### BRIEF
Within the entries below, please return exactly the lines from the one with "We study the" through the one with "- Percorso del", leaving out any pictures.

### DATA TO PROCESS
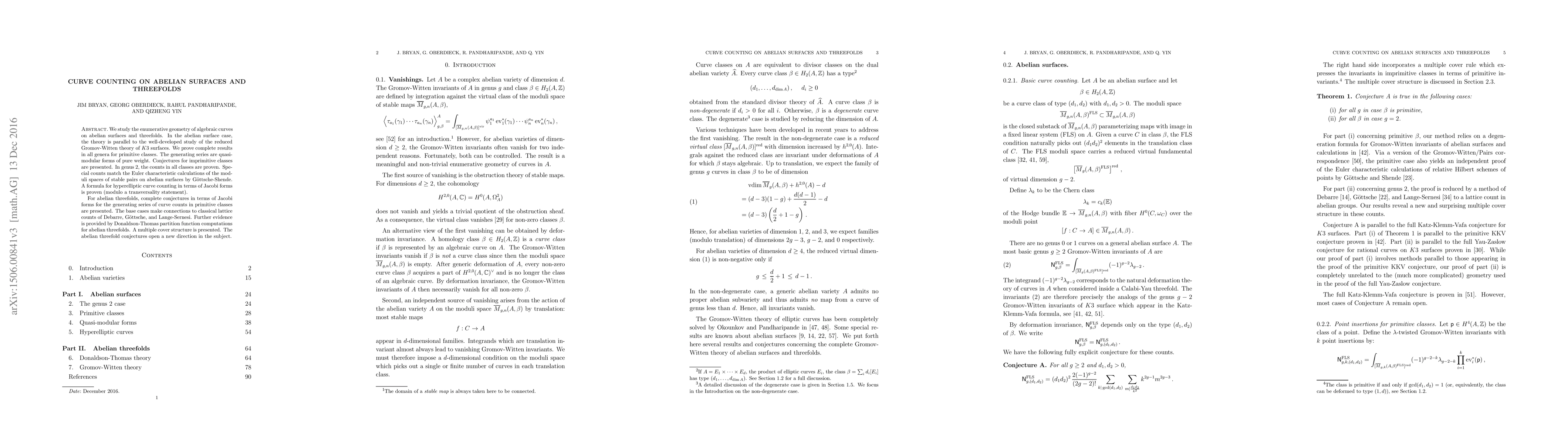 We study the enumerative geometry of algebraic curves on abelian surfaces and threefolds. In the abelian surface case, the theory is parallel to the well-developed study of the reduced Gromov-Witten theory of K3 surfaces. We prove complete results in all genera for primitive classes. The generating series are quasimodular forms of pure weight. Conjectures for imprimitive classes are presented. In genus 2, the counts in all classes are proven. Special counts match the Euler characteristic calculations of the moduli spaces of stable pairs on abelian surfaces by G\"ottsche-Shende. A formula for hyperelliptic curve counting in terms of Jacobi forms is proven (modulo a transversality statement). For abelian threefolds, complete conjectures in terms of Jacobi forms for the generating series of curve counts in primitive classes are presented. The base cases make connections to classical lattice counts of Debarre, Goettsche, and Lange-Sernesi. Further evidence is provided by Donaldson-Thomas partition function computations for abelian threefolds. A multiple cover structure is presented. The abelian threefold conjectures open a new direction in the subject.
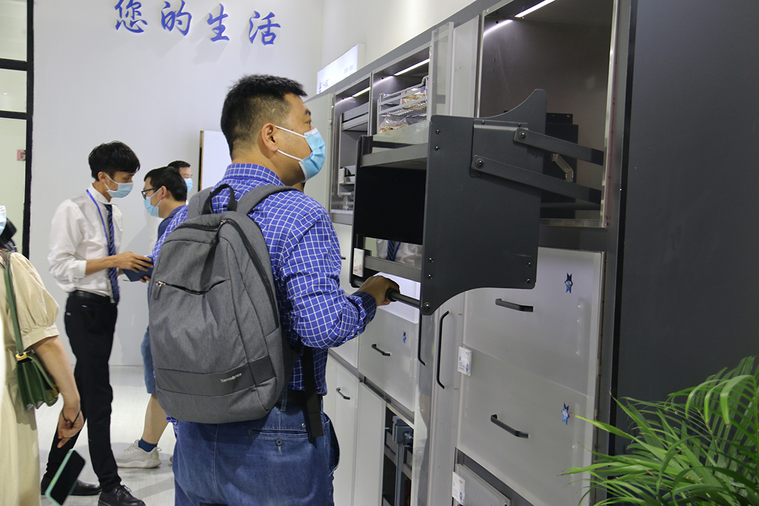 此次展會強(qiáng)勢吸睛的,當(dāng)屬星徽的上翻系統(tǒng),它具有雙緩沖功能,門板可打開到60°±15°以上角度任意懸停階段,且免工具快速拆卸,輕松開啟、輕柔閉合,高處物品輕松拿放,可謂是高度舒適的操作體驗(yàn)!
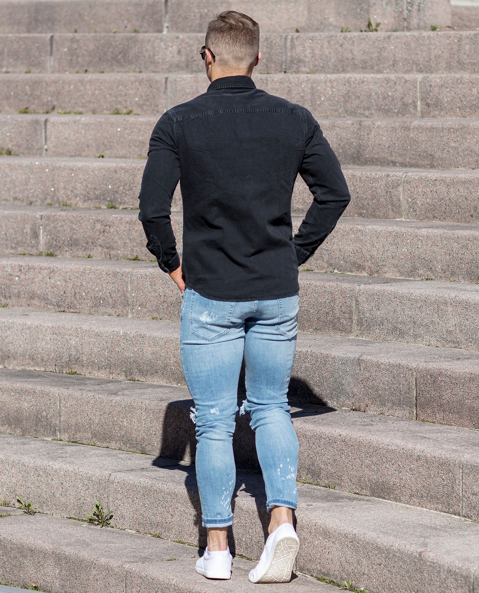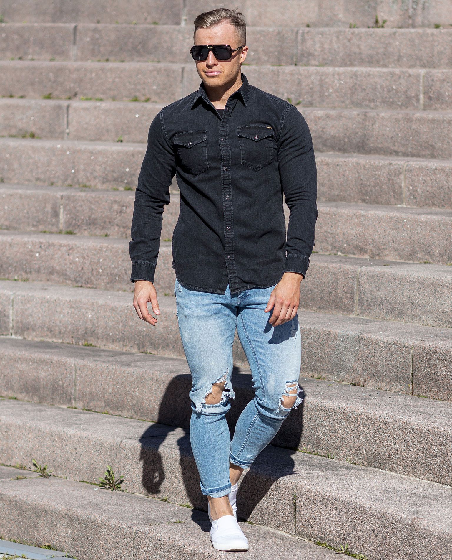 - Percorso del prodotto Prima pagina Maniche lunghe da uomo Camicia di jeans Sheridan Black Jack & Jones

...

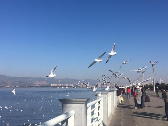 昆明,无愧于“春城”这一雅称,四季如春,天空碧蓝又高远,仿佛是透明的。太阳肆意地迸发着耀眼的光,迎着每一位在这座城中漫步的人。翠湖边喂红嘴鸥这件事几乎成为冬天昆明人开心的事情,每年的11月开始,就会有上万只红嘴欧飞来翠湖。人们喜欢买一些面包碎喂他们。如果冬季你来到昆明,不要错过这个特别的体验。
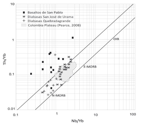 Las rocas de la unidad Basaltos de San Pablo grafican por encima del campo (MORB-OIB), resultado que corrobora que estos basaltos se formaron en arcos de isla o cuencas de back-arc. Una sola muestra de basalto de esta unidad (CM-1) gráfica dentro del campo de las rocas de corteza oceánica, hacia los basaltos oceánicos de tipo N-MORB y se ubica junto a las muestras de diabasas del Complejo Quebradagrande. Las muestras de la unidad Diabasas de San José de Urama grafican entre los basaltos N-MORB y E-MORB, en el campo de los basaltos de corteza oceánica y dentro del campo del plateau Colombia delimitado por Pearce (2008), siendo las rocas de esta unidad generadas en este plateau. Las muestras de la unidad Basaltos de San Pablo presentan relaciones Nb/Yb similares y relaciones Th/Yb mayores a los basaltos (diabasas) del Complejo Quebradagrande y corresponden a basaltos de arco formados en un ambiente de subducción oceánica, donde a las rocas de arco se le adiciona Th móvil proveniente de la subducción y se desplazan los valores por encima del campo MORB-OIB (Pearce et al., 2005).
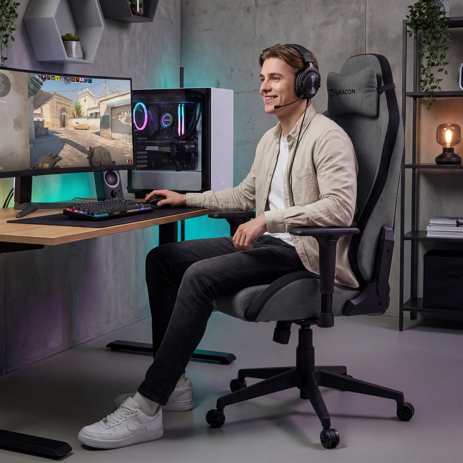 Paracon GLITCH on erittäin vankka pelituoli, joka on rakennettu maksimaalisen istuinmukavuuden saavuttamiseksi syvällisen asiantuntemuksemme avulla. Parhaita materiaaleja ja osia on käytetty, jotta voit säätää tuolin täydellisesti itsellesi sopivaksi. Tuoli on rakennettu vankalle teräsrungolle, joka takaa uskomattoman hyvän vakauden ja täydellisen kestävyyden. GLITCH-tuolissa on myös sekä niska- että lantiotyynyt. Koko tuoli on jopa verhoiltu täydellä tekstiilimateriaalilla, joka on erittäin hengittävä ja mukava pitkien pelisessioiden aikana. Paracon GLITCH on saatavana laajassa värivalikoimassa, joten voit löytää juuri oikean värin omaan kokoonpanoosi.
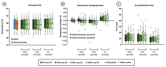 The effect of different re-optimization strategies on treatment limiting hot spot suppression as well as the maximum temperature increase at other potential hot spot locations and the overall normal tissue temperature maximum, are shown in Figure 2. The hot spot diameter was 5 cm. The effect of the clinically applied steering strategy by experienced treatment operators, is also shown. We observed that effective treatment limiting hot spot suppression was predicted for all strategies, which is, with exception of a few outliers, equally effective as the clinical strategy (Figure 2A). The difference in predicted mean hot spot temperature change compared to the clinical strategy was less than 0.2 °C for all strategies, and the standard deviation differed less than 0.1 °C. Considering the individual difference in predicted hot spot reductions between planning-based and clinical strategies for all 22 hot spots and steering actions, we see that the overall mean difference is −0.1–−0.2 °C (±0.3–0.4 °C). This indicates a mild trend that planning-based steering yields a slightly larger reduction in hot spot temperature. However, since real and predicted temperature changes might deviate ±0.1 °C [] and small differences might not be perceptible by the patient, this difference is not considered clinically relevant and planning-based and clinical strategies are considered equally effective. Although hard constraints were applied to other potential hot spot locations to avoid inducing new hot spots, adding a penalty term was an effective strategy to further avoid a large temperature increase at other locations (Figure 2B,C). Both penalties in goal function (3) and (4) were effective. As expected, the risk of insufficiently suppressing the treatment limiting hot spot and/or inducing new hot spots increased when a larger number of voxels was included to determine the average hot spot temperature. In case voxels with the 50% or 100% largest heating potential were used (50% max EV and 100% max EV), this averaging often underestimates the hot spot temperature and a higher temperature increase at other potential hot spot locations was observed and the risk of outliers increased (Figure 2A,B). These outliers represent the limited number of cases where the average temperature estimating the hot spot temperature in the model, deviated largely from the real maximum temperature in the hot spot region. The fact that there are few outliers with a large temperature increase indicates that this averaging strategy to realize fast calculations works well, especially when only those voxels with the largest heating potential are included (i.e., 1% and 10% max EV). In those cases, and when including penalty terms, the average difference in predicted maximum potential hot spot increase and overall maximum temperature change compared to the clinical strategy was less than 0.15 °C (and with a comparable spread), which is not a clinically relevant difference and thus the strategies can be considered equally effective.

### OUTPUT FOR THIS EXERCISE
 We study the enumerative geometry of algebraic curves on abelian surfaces and threefolds. In the abelian surface case, the theory is parallel to the well-developed study of the reduced Gromov-Witten theory of K3 surfaces. We prove complete results in all genera for primitive classes. The generating series are quasimodular forms of pure weight. Conjectures for imprimitive classes are presented. In genus 2, the counts in all classes are proven. Special counts match the Euler characteristic calculations of the moduli spaces of stable pairs on abelian surfaces by G\"ottsche-Shende. A formula for hyperelliptic curve counting in terms of Jacobi forms is proven (modulo a transversality statement). For abelian threefolds, complete conjectures in terms of Jacobi forms for the generating series of curve counts in primitive classes are presented. The base cases make connections to classical lattice counts of Debarre, Goettsche, and Lange-Sernesi. Further evidence is provided by Donaldson-Thomas partition function computations for abelian threefolds. A multiple cover structure is presented. The abelian threefold conjectures open a new direction in the subject.
 此次展會強(qiáng)勢吸睛的,當(dāng)屬星徽的上翻系統(tǒng),它具有雙緩沖功能,門板可打開到60°±15°以上角度任意懸停階段,且免工具快速拆卸,輕松開啟、輕柔閉合,高處物品輕松拿放,可謂是高度舒適的操作體驗(yàn)!
 - Percorso del prodotto Prima pagina Maniche lunghe da uomo Camicia di jeans Sheridan Black Jack & Jones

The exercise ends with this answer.